Since 1993, Congress has provided over $95 billion in disaster recovery assistance to states, territories, and communities through supplemental CDBG disaster recovery appropriations.

This aid is particularly critical to low-income and middle class families, who are often hit the hardest by natural disasters, and who have the fewest resources to recover from them.

While Congress has relied on CDBG-DR to provide flexible, long-term recovery assistance to communities in need, we have never provided a permanent authorization for the program.

CDBG-DR is a valuable tool in the federal disaster response toolkit to help communities across the country pick up the pieces and rebuild following disasters.

The program has helped families and communities address needs that have been unmet by insurance and federal assistance from the Federal Emergency Management Agency and Small Business Administration.
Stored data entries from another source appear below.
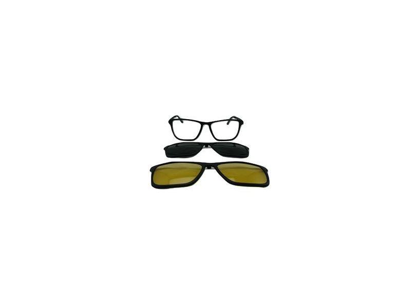 Armação Oculos Grau Rhar5511 01 Preto Com 2 Clip On Polarizado
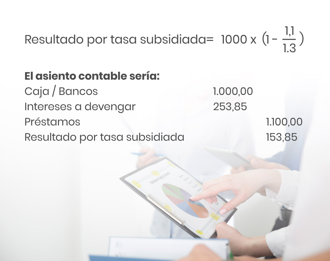 Ejemplo de un resultado originado en un préstamo del gobierno a una tasa de interés inferior a la del mercado: Una entidad recibe un préstamo por 1.000 de pago íntegro a un año con un interés del 10% anual. La tasa de mercado es del 30%.
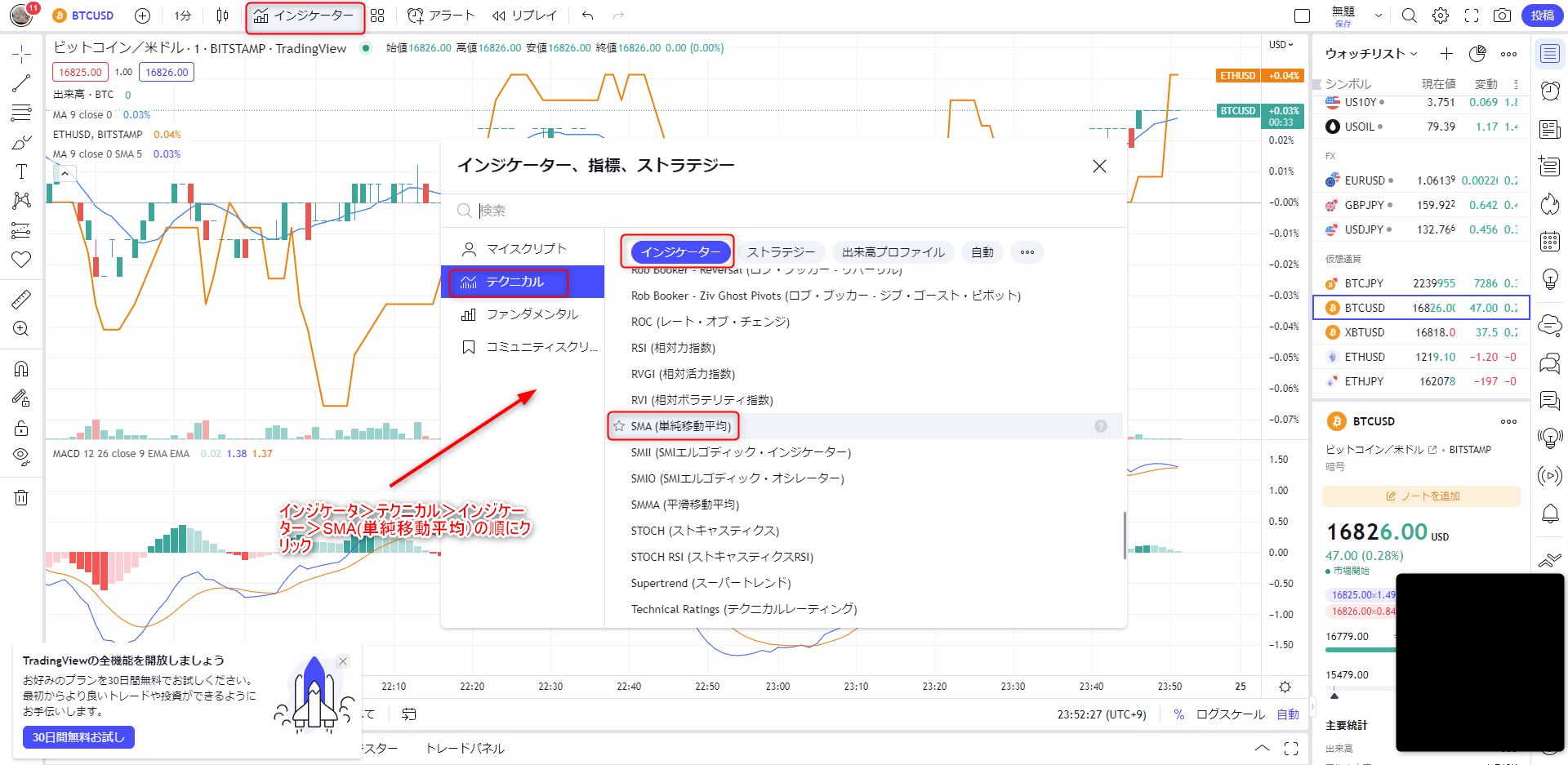 3.トレンドライン、FIB、MAなどを使いエントリータイミングを図り、利確ポイントも決定
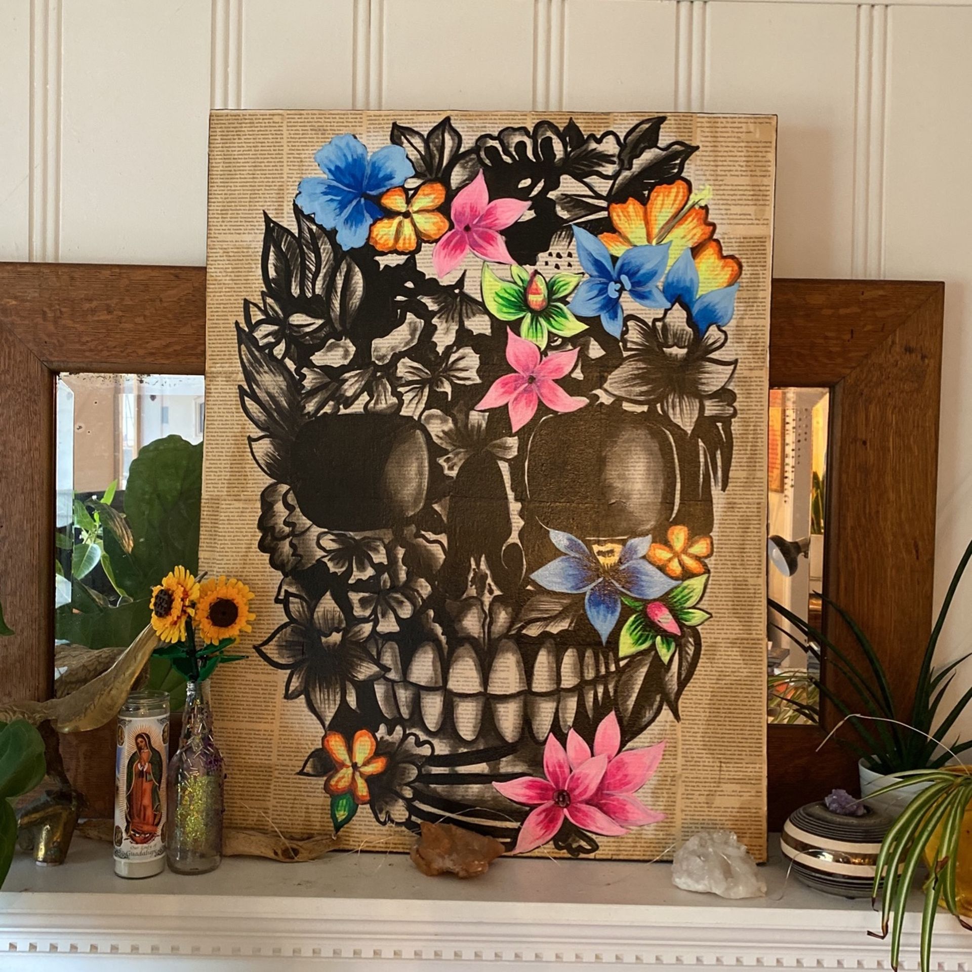 Hand painted acrylic skull painting on canvas with newsprint. Perfect for your Halloween alter or just because. Measures 35.5x27.5in
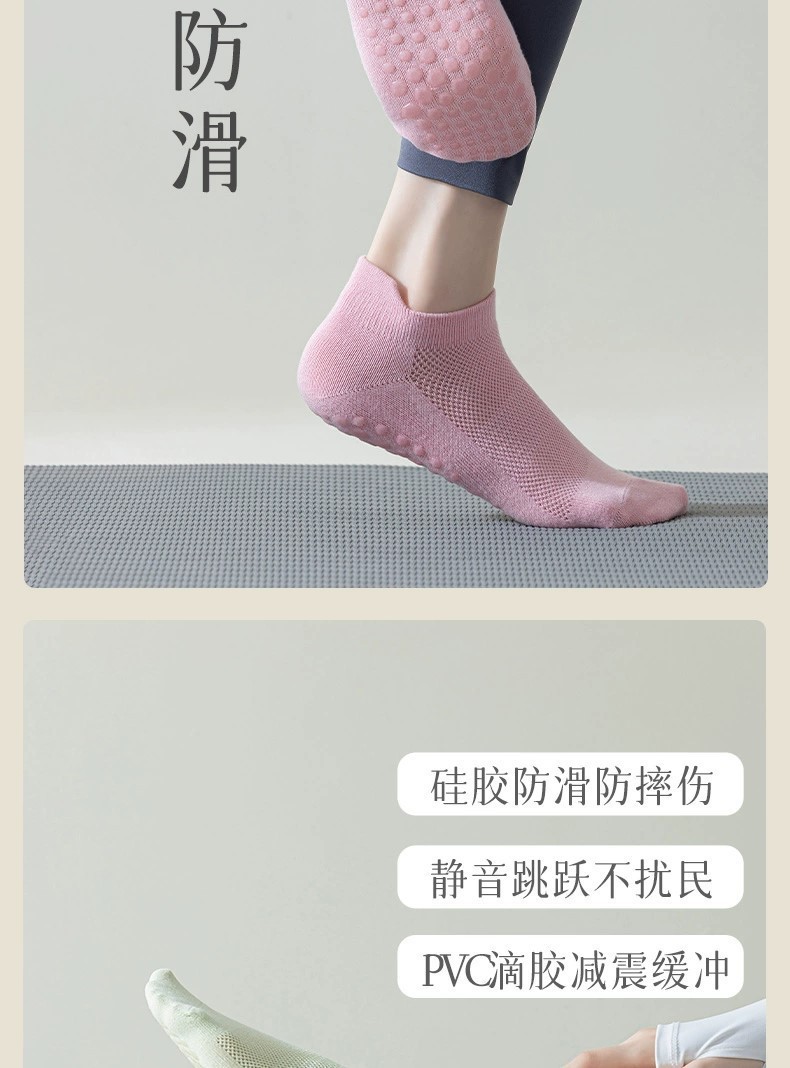 【YW】无忧购25元5双纯色网眼透气船袜/专业运动防滑硅胶瑜伽袜子(截单后7天发货)
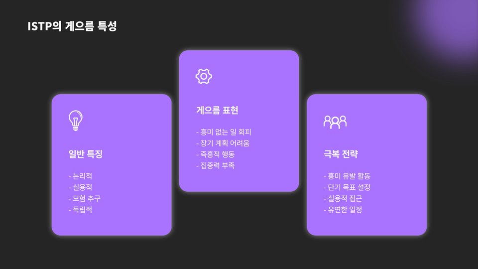 - ISFP: 자유로운 영혼을 지닌 이들은 가끔 즉흥적으로 행동하지만, 장기적인 목표 설정에 약합니다.
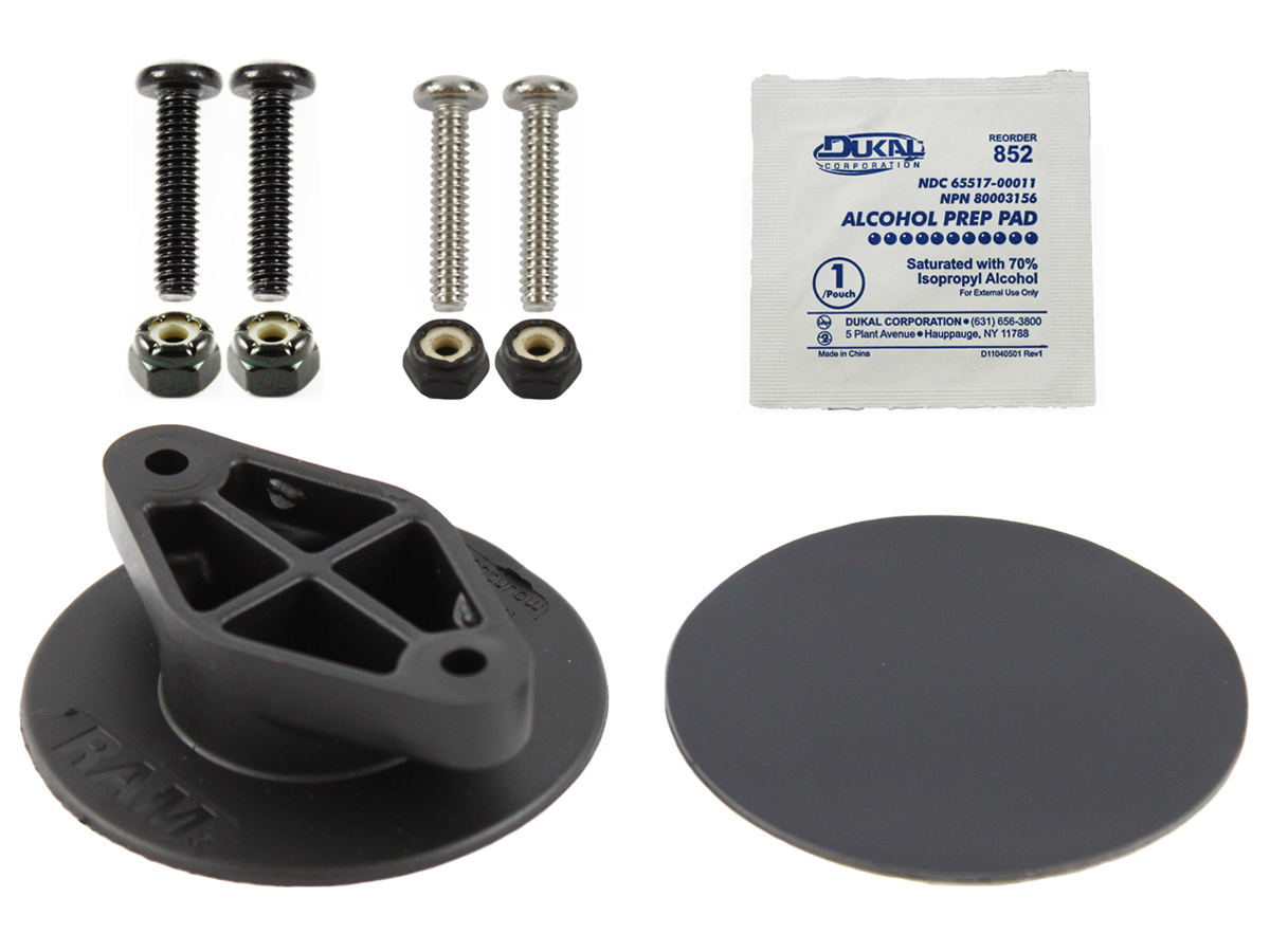 The High Strength Plastic Semi-Permanent Adhesive Mount Base consists of a 2.5″ diameter flexible base with a standard RAM double hole diamond plate end. The base includes a RAM-202PSA Semi-Permanent Adhesive Disk. The diamond plate end has two holes 1.912″ from center to center. This will connect to the RAM-B-238 Diamond Plates Series, to the universal industry standard AMPS hole pattern or directly to the back of the RAM Plastic HOL Cradles. This adhesive base DOES NOT have a RAM 1″ rubber connection ball.

But as valuable as this aid has been, we have also heard from disaster survivors and from state and local governments, the General Accountability Office, and the Department of Housing and Urban Development itself – that we can and should do better.

In the absence of a permanent authorization, HUD must issue new regulations with each appropriation.

We have heard that the delays and lack of predictability stemming from the current process:

  • Delays in getting assistance out to families,
  • Communities prevented from doing the kind of early planning that will be most effective,
  • Confusion created for states, localities, and families over what resources are available to them.

Think about what these families are dealing with: Your home has been flooded or the business your family built was destroyed. You’re trying to deal with insurance claims. Bills are piling up. Debt collectors are calling.

The last thing you want to deal with is more delays, more red tape, more confusion.

Variations in appropriations and regulatory requirements between disasters can impose administrative and operational challenges for both HUD and grantees – particularly smaller communities or those administering multiple grants – and hinder efforts to build capacity.

We also must do more to ensure that the most vulnerable members of our communities are not displaced, and that they can help their community recover.

In response to recommendations from GAO, HUD, and others, Senators Schatz, Collins, Young, Van Hollen, and Tester have offered the Reforming Disaster Recovery Act of 2021 (S. 2471) to authorize and improve the CDBG-DR program.

This is something that should be an opportunity for bipartisan, commonsense solutions – how we make government more efficient, and actually do the job it’s supposed to do for the people we serve.

Today, we will hear from our witnesses about how authorizing the CDBG-DR program could help our communities recover, and deliver resources in a more timely, effective, and equitable manner.

Without objection, I would like to enter into the record a letter from the Disaster Housing Recovery Coalition in support of S. 2471.